Omega Healthcare Investors, Inc. (OHI) is a healthcare facilities real-estate investment trust (REIT) with a $2.03 billion market cap. It pays a 8.13% dividend yield and has 93.72% institutional ownership. OHI carries an analyst recommendation of 2.10 on a scale in which 1.0 means “Strong Buy” and 5.0 indicates “Sell”. It recently traded at $19.68 a share. David Dreman’s Dreman Value Management had $29.77 million invested in OHI at the end of September after increasing its stake in the company by +4% during the third quarter, while David Abrams’ Abrams Capital Management and Israel Englander’s Millennium Management initiated new positions.

Pitney Bowes, Inc. (PBI) is a business equipment company with a $3.79 billion market cap. It pays a 7.80% dividend yield and has 88.96% institutional ownership. PBI carries an analyst recommendation of 2.80 on a scale in which 1.0 means “Strong Buy” and 5.0 indicates “Sell”. It recently traded at $18.98 a share. Cliff Asness’ AQR Capital Management upped its stake in PBI during the third quarter by +95% to end September with $6.31 million invested in the company.
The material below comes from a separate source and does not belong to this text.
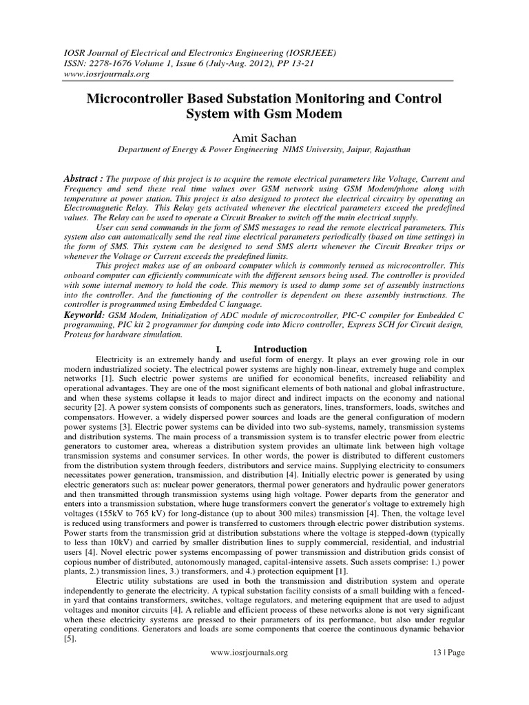 1 amit sachan microcontroller based substation monitoring and control system with gsm modem issn. Gsm or global system for mobile communications projects are based on one of the emerging technology of the century. It transports device protocols transparently over the network through a serial interface. It deals with design of a stand alone embedded system that can monitor and control several devices remotely irrespective of distance limitations. The purpose of this project is to acquire the remote electrical parameters like voltage current and frequency and send these real time values over gsm. Our project microcontroller based substation monitoring and control system with iot module.

David Dreman’s Dreman Value Management also upped its position.

R.R. Donnelley & Sons Company (RRD) is a business services company with a $2.82 billion market cap. It pays a 6.93% dividend yield and has 89.40% institutional ownership. RRD carries an analyst recommendation of 2.20 on a scale in which 1.0 means “Strong Buy” and 5.0 indicates “Sell”. It recently traded at $15.00 a share. Ron Gutfleish’s Elm Ridge Capital boosted its stake in RRD by +20% during the third quarter, bringing its total position in the company to $89.93 million. Larry Robbins’ Glenview Capital is also a fan.